Kubernetes is the substrate Years 4-5 build on, and the substrate every later employer’s platform will probably also build on. It is also a giant, frequently-cargo-culted abstraction unless you understand the pattern underneath: control loops reconciling desired state in etcd against observed state in the cluster, forever.

This phase makes that pattern concrete via the K8s-native ecosystem: every component is a CRD-driven controller. Operators (CloudNativePG, Redis Operator) manage stateful workloads. Flux reconciles Git to cluster state. Karpenter reconciles node demand. Keda reconciles workload scaling against external signals. The pattern is consistent across every component you operate.

The pattern-first frame

Same eight steps as every phase.

1. PROBLEM

You have containers (Phase 19). You want to run them across a fleet of machines: self-healing, declaratively scaled, with service discovery, rolling deploys, resource isolation, network policy, all reproducibly described in version control.

That’s the orchestration problem. Kubernetes is one solution. Nomad is another. ECS / Cloud Run are proprietary takes. The pattern is declarative orchestration via control loops; K8s is the tool that won the 2020s — and the K8s-native ecosystem (operators + CRDs + controllers everywhere) is the design language that emerged on top.

2. PRINCIPLES

2.1 Control loops

A control loop watches actual state, compares it to desired state, acts to converge. Every K8s controller — built-in or third-party — is some flavor of this loop.

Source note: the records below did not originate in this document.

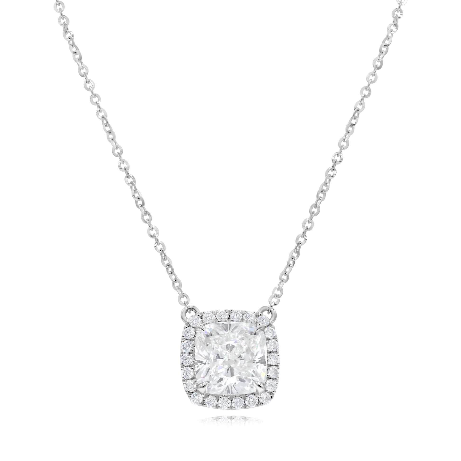 3.26 ct. Lab-Grown Diamond 14K White Gold Cushion Pendant Necklace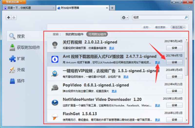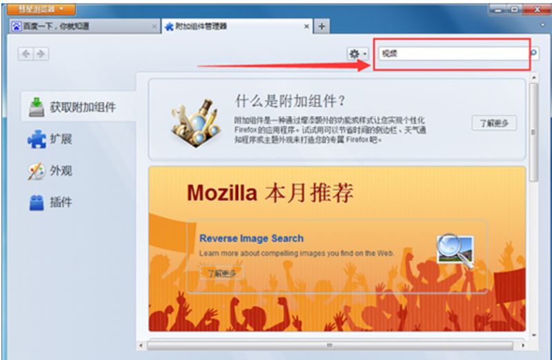 3、在附加插件界面的搜索框中搜索“视频、视频下载”等关键词,之后在搜索出来的结果中就可以看到各种下载网页视频的插件了;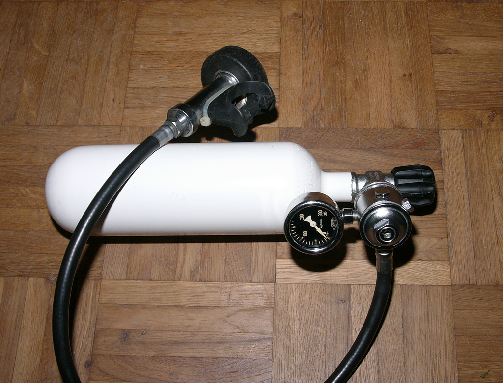 Von der Verwendung der ersten Stufe von Dräger werde ich absehen, diese hat zwar ein Überdruckventil aber ich weis nicht was passieren kann wenn sie mit 12 bar betrieben wird. Zudem ist die Luftlieferleistung unbekannt. Derzeit ist ein Baramat 2002 an dem Druckminderer montiert. Irgendwer hat mir erzählt der Baramat sei ein "Witwenmacher", deshalb die Idee mit dem Cyclon.

→ Pattern: control-loops — DEEP target this phase (the central pattern of the program)

Investigate:

Walk what happens when you kubectl apply a Deployment with 3 replicas. Which controllers wake up, in what order?
What does “reconciliation” mean in the operator pattern (CloudNativePG, Strimzi, KubeRay all follow it)?
Why is “eventual consistency” the K8s default, and when does it bite?

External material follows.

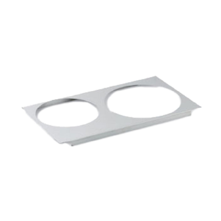 The Vollrath 72227 Adapter Plate - Stainless is a precisely engineered accessory designed to enhance the functionality of Vollrath full-size warmers, with the specific exception of models 72601 and 72602. It features unique dual inset holes, including one 8-3/8" diameter inset hole and one 10-3/8" diameter inset hole, making it versatile for a variety of applications. This adapter plate is specifically tailored to fit Vollrath models 78184 and 78204, ensuring a seamless integration with these warmers. Crafted from durable stainless steel, this adapter plate not only offers longevity and resistance to wear but also meets rigorous American manufacturing standards as it is made in the USA. The Vollrath 72227 Adapter Plate serves different market segments within the foodservice industry by providing flexible utility in both commercial kitchens and catering operations. Its ability to accommodate different inset sizes supports efficient food holding and service, making it a valuable tool for chefs and foodservice professionals seeking reliable equipment solutions. The technical specifications of the Vollrath 72227 Adapter Plate underscore its role as an essential component for enhancing the performance and versatility of compatible Vollrath full-size warmers.

2.2 Declarative vs imperative

You say what you want; the tool figures out the diff. You don’t say “create 3 pods, restart any that fail.”

→ Pattern: declarative-vs-imperative-infrastructure

Investigate:

Why does kubectl create exist if kubectl apply is the recommended path?
What’s the difference between apply and replace semantics?
When does declarative break (real-world one-off operations)?

2.3 etcd as source of truth

All cluster state lives in etcd. Every K8s “knowledge” comes from there. Every action is a controller noticing an etcd change.

Investigate:

Why is etcd the bottleneck of large clusters?
What does the API server do that isn’t just an etcd proxy?
Why is etcd backup the most important operational practice?

2.4 The operator pattern

An operator is a controller (or set of controllers) that manages a complex stateful workload through a custom CRD. CloudNativePG’s Cluster CRD reconciles Postgres clusters. Redis Operator’s RedisCluster CRD reconciles Redis clusters. Same shape, different domain.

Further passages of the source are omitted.